The trustee distinguished Stamm v. Morton (In re Stamm), 222 F.3d 216 (5th Cir. 2000), in which funds collected prior to confirmation of the chapter 13 plan were returned to the debtor upon conversion. Here, the trustee argued, the funds were collected post-confirmation thereby giving the creditors a vested interest in them even though the case was later converted. The trustee relied on section 1326(a)(2) which provides that “[i]f a plan is confirmed, the trustee shall distribute any such payment in accordance with the plan as soon as is practicable. If a plan is not confirmed, the trustee shall return any such payments not previously paid and not yet due and owing to creditors . . . to the debtor.” The trustee argued that because Congress specifically provided for the return of funds collected pursuant to a plan that was not confirmed it could be inferred that different treatment should be accorded funds collected after confirmation.

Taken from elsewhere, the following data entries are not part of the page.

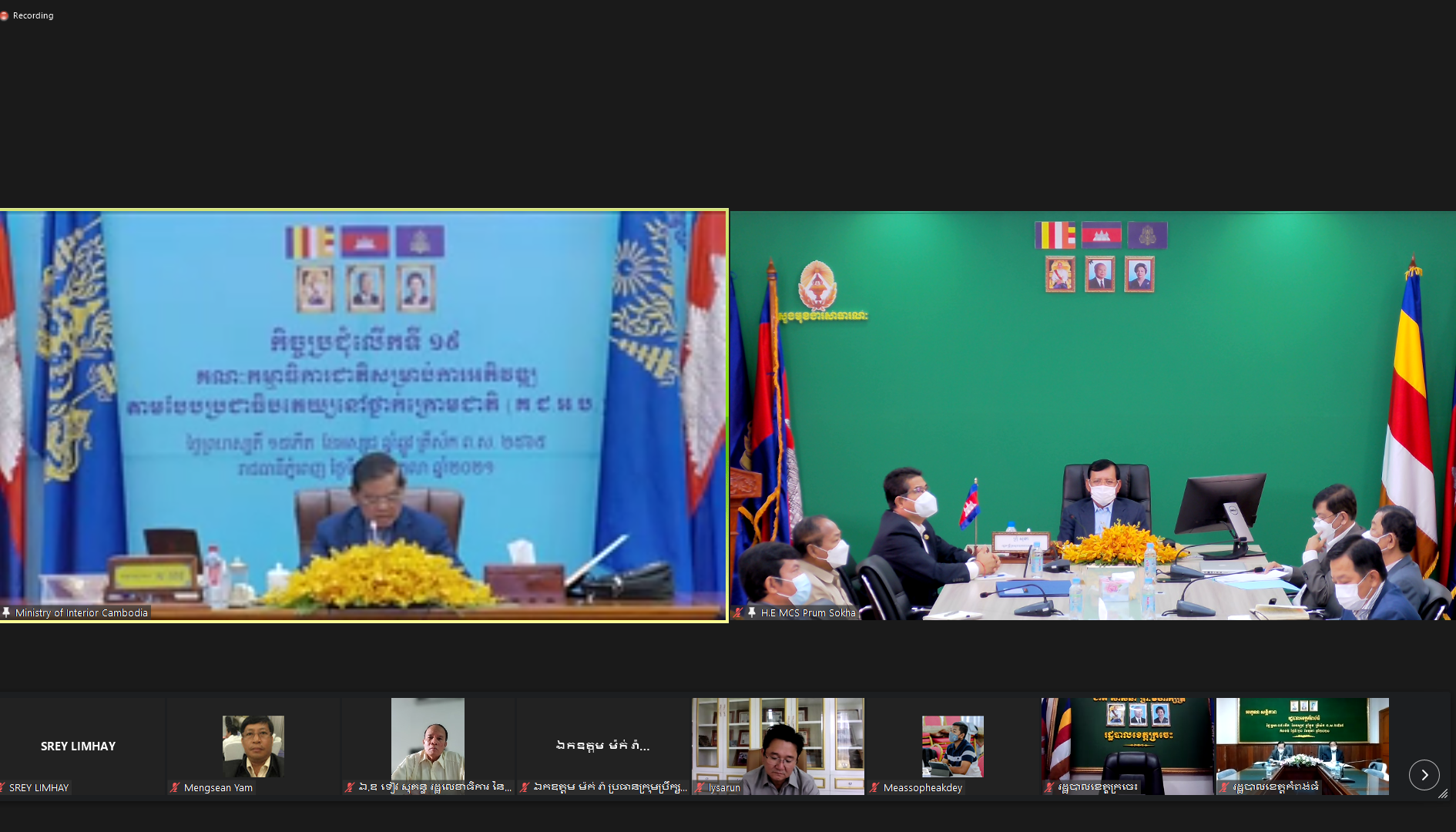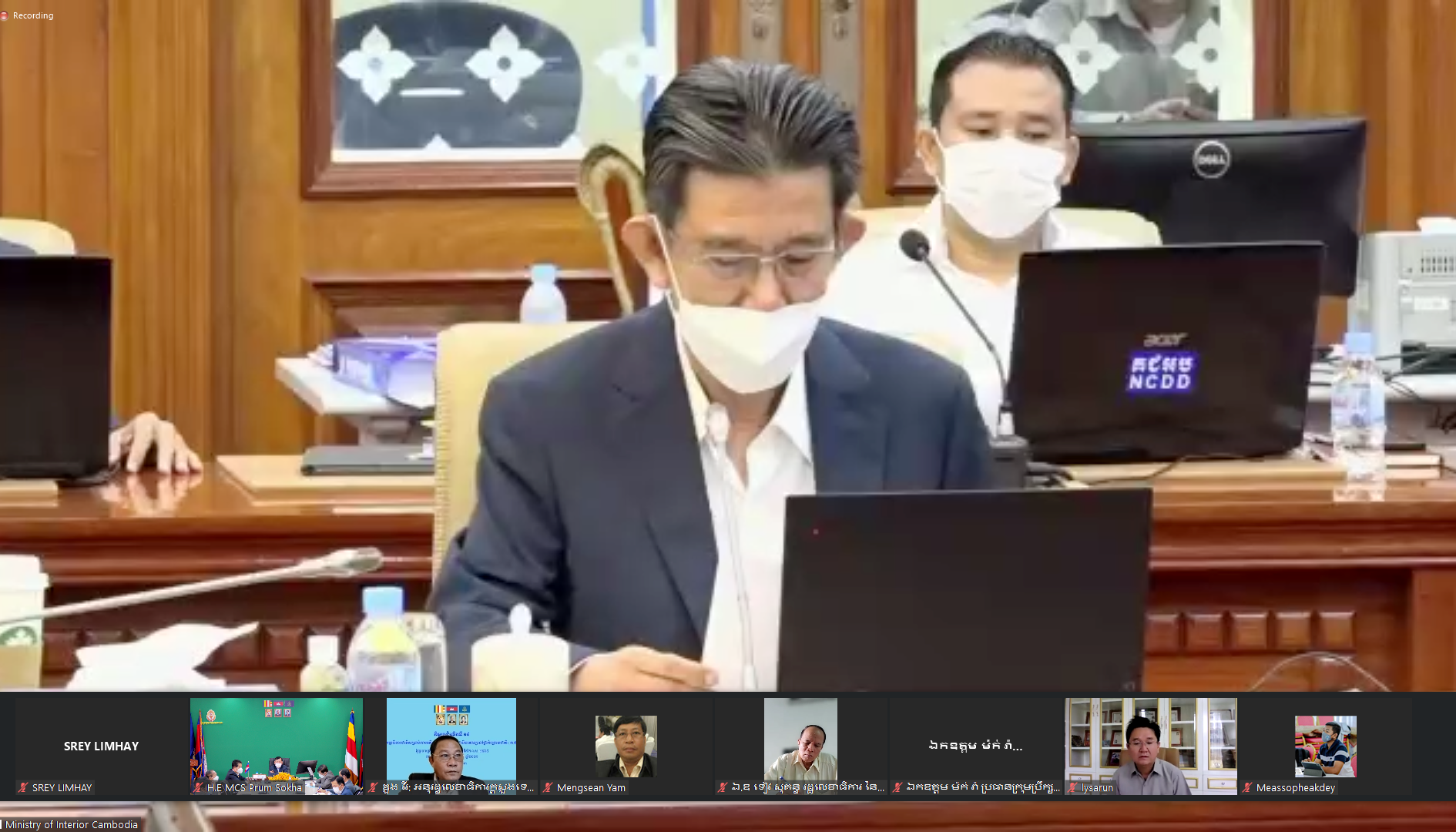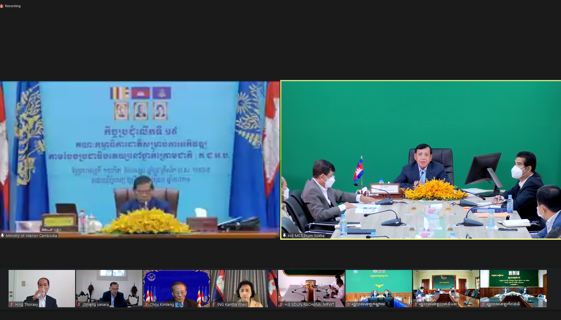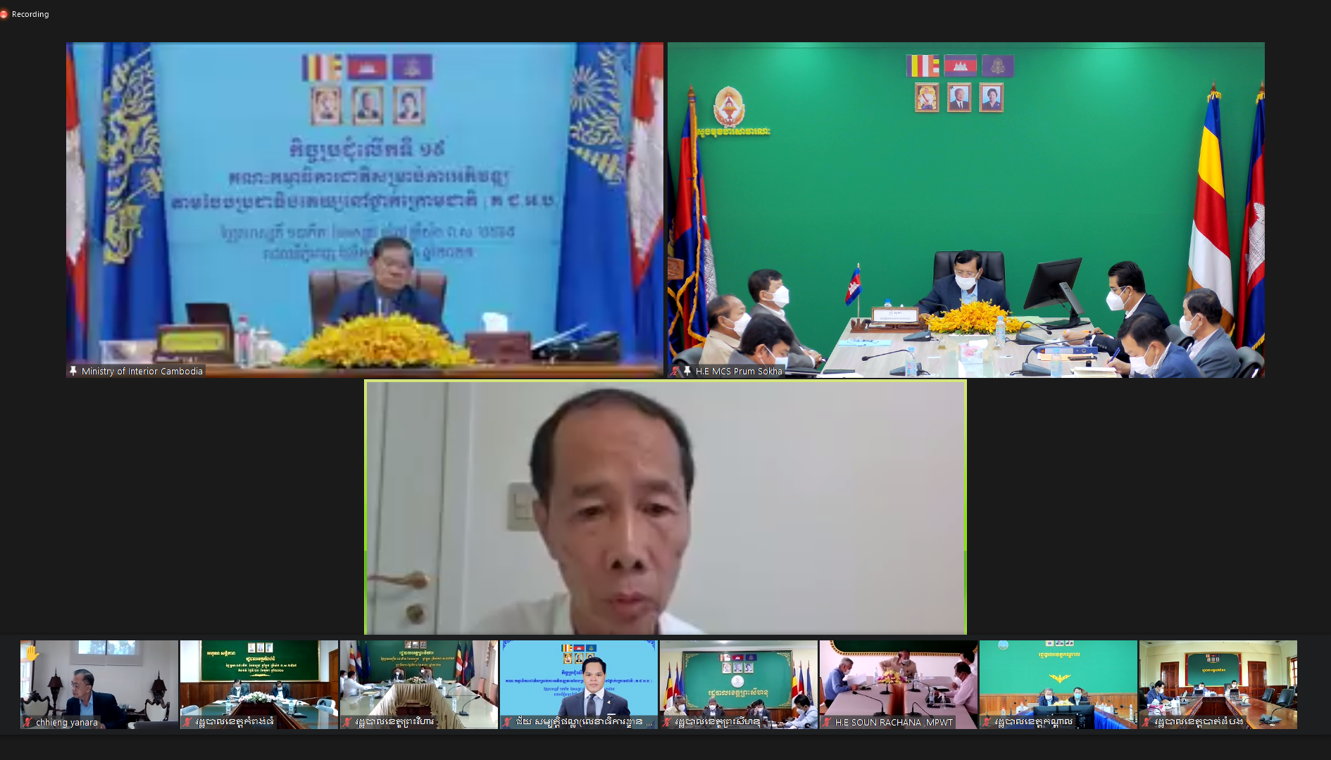 (រាជធានីភ្នំពេញ)៖ នៅព្រឹកថ្ងៃទី២១ ខែតុលា ឆ្នាំ២០២១ សម្តេចក្រឡាហោម ស ខេង ឧបនាយករដ្ឋមន្ត្រី រដ្ឋមន្ត្រីក្រសួងមហាផ្ទៃ និងជាប្រធានគណៈកម្មាធិការជាតិសម្រាប់ការអភិវឌ្ឍតាមបែបប្រជាធិបតេយ្យនៅថ្នាក់ក្រោមជាតិ (គ.ជ.អ.ប.) បានអញ្ជើញដឹកនាំកិច្ចប្រជុំលើកទី១៩ តាមរយៈប្រព័ន្ធអនឡាញ (Zoom)។
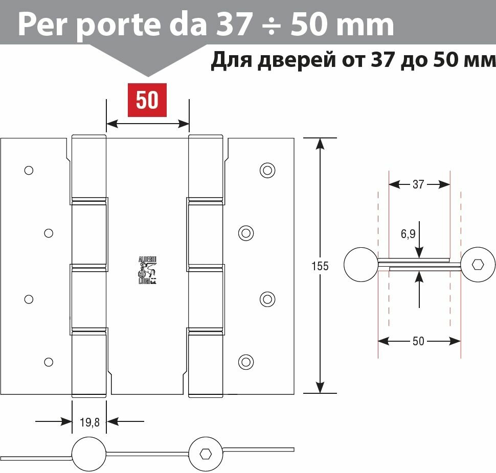 Петля барная, двойного действия ALDEGHI LUIGI SpA, 155х37х50 мм, цвет: хром, 2 штуки
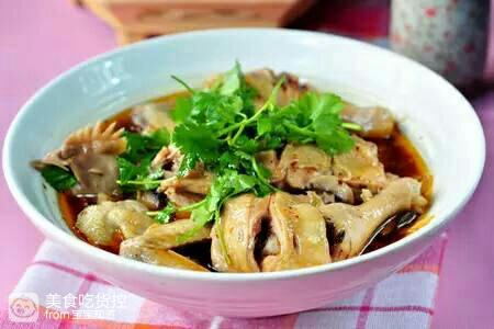 7、鸡肉斩块摆盘。淋殖吊上步骤7中的料汁。
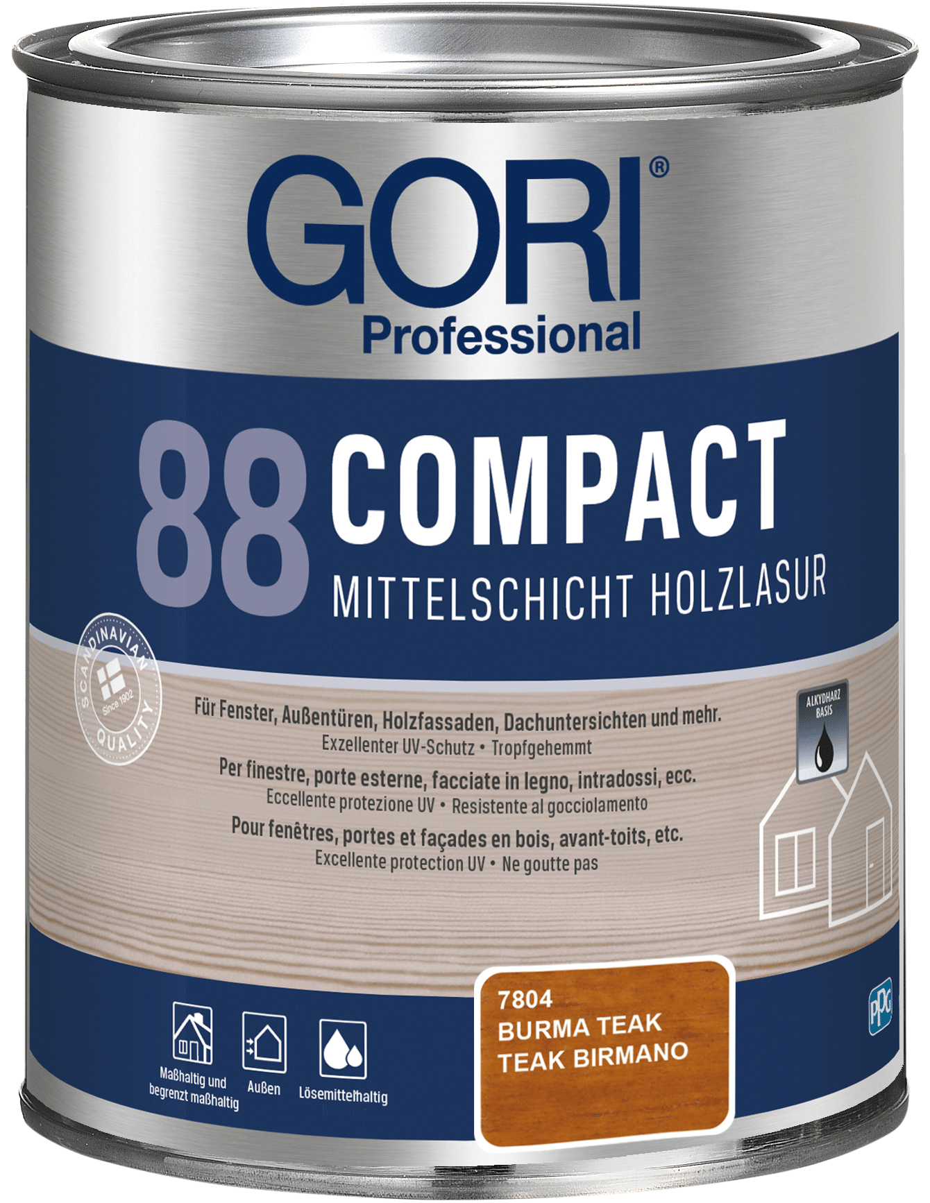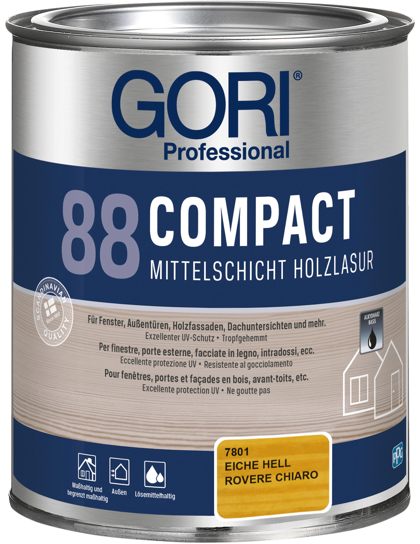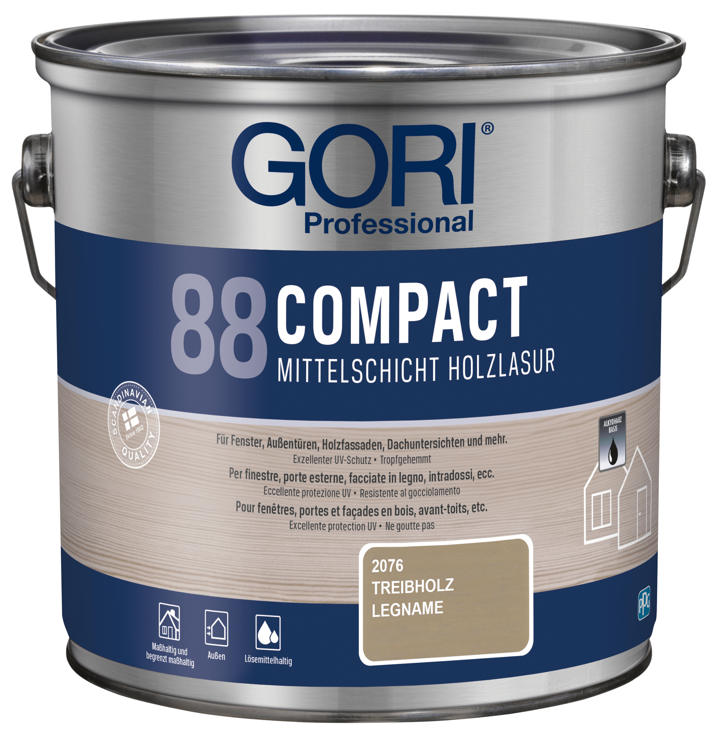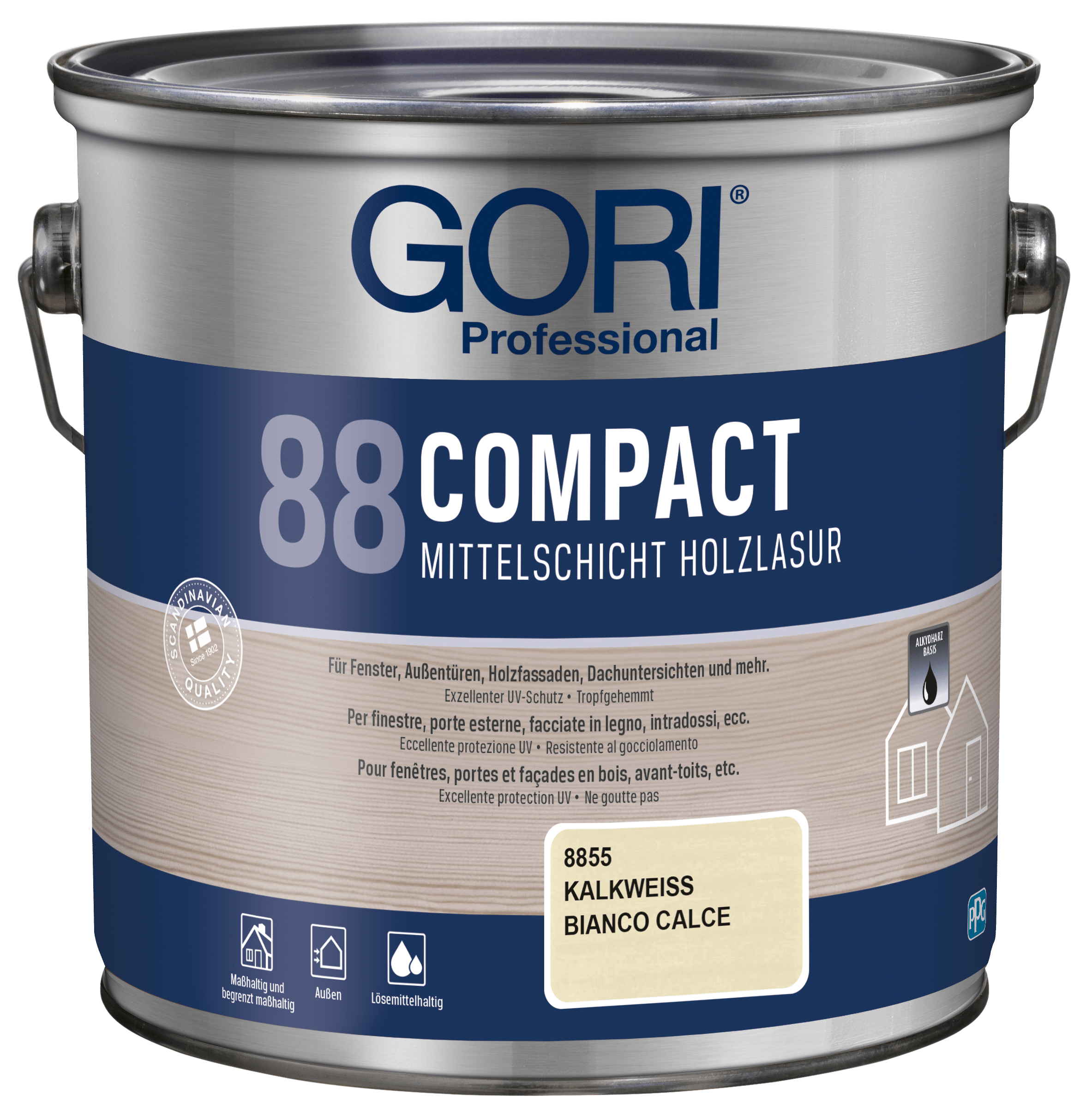 GORI 88 Compact Holzlasur ist eine lösemittelbasierte, tropfgehemmte Alkydharz-Holzlasur für alle maßhaltigen und begrenzt maßhaltigen Holzoberflächen im Außenbereich, wie z.B. Fenster, Außentüren, Holzfassaden, Dachuntersichten und mehr. Die Lasur ist besonders geeignet für Holz, das starker Verwitterung ausgesetzt ist.

Acknowledging the superficial appeal of the trustee’s position, the court found that the Code sections at issue created an ambiguity that necessitated looking beyond the text. The court found that the legislative history indicated Congress’s intention to encourage debtors to file chapter 13 wherever possible without the inhibiting fear of penalty in the event that the chapter 13 failed and the debtor had to resort to chapter 7. H.R. Rep. No. 95-595 (1977), reprinted in 1978 U.S.C.C.A.N. 5963, 5966, 1977 WL 9628. In enacting section 348(f) Congress specifically addressed and sought to minimize the potential loss of property that a debtor could face upon conversion from chapter 13 to chapter 7 that would not have been at risk had the debtor filed directly in chapter 7.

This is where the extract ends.